Pandemics and Epidemics – eg. Coronavirus
Under the GDPR, information relating to an individual’s health or personal life is regarded as “special category data”. Such data requires careful handling, and often the individual’s explicit consent to processing. However, there are other lawful grounds for using such data, such as the protection of staff, visitors and the wider community.
Therefore, in the event of a global or more localised emergency, we may share your data with local or national government authorities. Data shared may range from names, ages, addresses, contact telephone numbers and email addresses.
An example of how your data may be shared in this way, is the Covid-19 pandemic, where we will fully comply with the government NHS Track and Trace scheme.
If we are contacted by local or national authorities and are requested to share your information, and so long as we deem it to be reasonable to provide this information, we will fully comply. By joining Sound Pop Academy, or by taking part in our classes, workshops and events, you agree to the sharing of your personal information in this way.
Your data is our priority. We do everything possible to minimise any data breach and/or any unlawful online activity through our site. However should our website or any third party platform that we use be subject to a data breach, we will follow the necessary steps to inform you of this.
- Inform relevant people of the data breach.
- Take steps to re-secure sites and/or third party platforms, such as seek advice from our website team
and IT specialists.
- Follow GDPR steps to ensure regulations are met and complied with in the unlikely event of a data breach.
Your Legal Rights – You have the right to:
The GDPR provides you with many rights. We’ve highlighted key sections below but if you require more
information please contact the Information Commissioner’s Office
- Request access to your personal data (commonly known as a “data subject access request”). This enables you to receive a copy of the personal data we hold about you and to check that we are lawfully processing it.
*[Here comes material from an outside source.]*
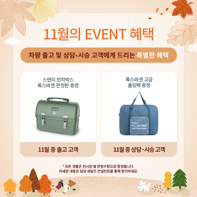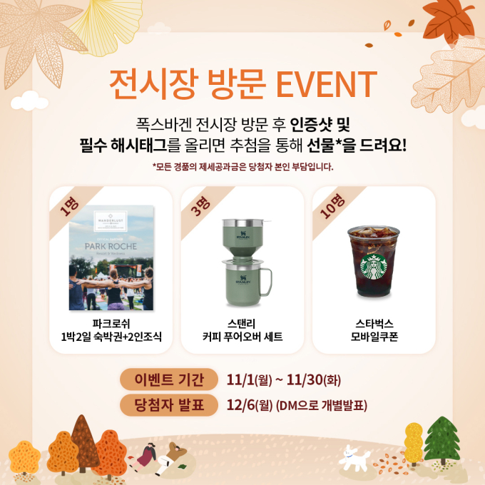 폭스바겐 전시장 방문 인증샷 이벤트도 진행한다. 11월 중 공식 인스타그램 팔로우 후 이벤트 지정 해시태그와 함께 전시장 방문 인증샷 게시글을 업로드하면 추첨을 통해 1등은 파크로쉬 1박 숙박권(1명), 2등은 스탠리 커피 푸어오버 세트(3명), 3등에게는 스타벅스 모바일 커피 쿠폰(10명)을 경품으로 증정한다. 당첨자 발표는 12월 6일 폭스바겐코리아 공식 네이버 포스트를 통해 공지한다.

- Request correction of the personal data that we hold about you. This enables you to have any incomplete or inaccurate data we hold about you corrected, though we may need to verify the accuracy of the new data you provide to us.
- Request erasure of your personal data. This enables you to ask us to delete or remove personal data where there is no good reason for us continuing to process it.
- Request the transfer of your personal data to you or to a third party. We will provide to you, or a third party you have chosen, your personal data in a structured, commonly used, machine-readable format. Note that this right only applies to automated information which you initially provided consent for us to use or where we used the information to perform a contract with you.